Takie pyszności tylko w sezonie kurkowym. Szybka i łatwa zupka :) Polecam!
Składniki:
1 szklanka ugotowanej białej quinoy
300 gram kurek
1 marchewka
1 cebula
2 łyżki klarowanego masła
pół litra wywaru warzywnego
gałązka świeżego rozmarynu
liść laurowy
ziele angielskie
świeżo zmielony czarny pieprz
sól
Wykonanie:
Kurki oczyszczamy z piasku i igliwia, większe grzyby kroimy na kawałki, malutkie zostawiamy w całości. Cebulę drobno szatkujemy, marchew trzemy na tarce o większych oczkach, lub siekamy w rozdrabniaczu. Cebulkę podsmażamy na klarowanym maśle, gdy się zeszkli dodajemy marchewkę, przesmażamy chwilę i wrzucamy kurki, dusimy, aż odparuje z nich woda i zaczną się smażyć, delikatnie solimy, a następnie zalewamy wszystko gorącym wywarem. Dodajemy liść laurowy, 3 - 4 ziarenka ziela angielskiego, pieprz i rozmaryn. Gotujemy około 10 minut, jeśli zupa wyjdzie zbyt gęsta, można dolać trochę wody i jeszcze raz przyprawić. Na koniec sprawdzamy, czy zupa jest wystarczająco słona w razie potrzeby dosalamy i podajemy z białą quinoą. Smacznego :)

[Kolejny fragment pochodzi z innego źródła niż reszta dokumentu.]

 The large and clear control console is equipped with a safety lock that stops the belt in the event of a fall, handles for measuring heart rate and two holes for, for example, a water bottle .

Kurki t jedyne grzyby jakie lubię, taką zupkę z przyjemnością bym zjadła ^_^
OdpowiedzUsuńKurki uwielbiam, więc na taką zupkę jestem chętna :)

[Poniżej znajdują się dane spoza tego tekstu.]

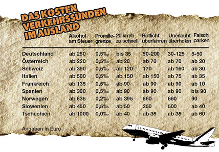 Das kümmert dich nicht? Falls du erwischst wirst, ist deine Taktik, auf dumm zu machen und zu behaupten, du hättest kein Geld und keine Kreditkarte dabei, und verlangst, dass sie dir den Strafzettel nach Hause schicken sollen – wo er dann im Papierkorb landet? Nun, das kann durch aus funktionieren, am ehesten noch in der Schweiz. Wenn dich aber die netten Italiener oder Franzosen anhalten, nützen die kreativsten Ausreden wenig. Die Polizei dort kann kurzerhand dein Auto beschlagnahmen, bis du die Strafe beglichen hast.
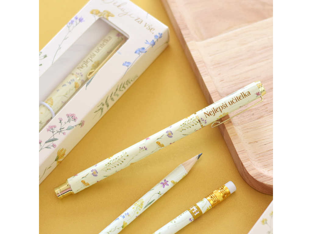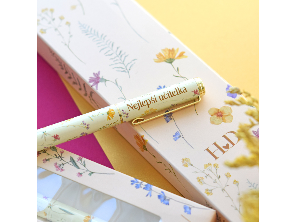 Kovové pero - Nejlepší učitelka (Venkovská zahrada) v dárkovém balení

OdpowiedzUsuńTa zupka wygląda cudownie :) Pożywna, pyszna i na pewno bardzo aromatyczna :) Super!
OdpowiedzUsuńZupa kurkowa to w naszej kuchni obowiązkowa wrześniowa pozycja :)
OdpowiedzUsuńKocham kurki i w takiej wersji z chęcią je zjem :)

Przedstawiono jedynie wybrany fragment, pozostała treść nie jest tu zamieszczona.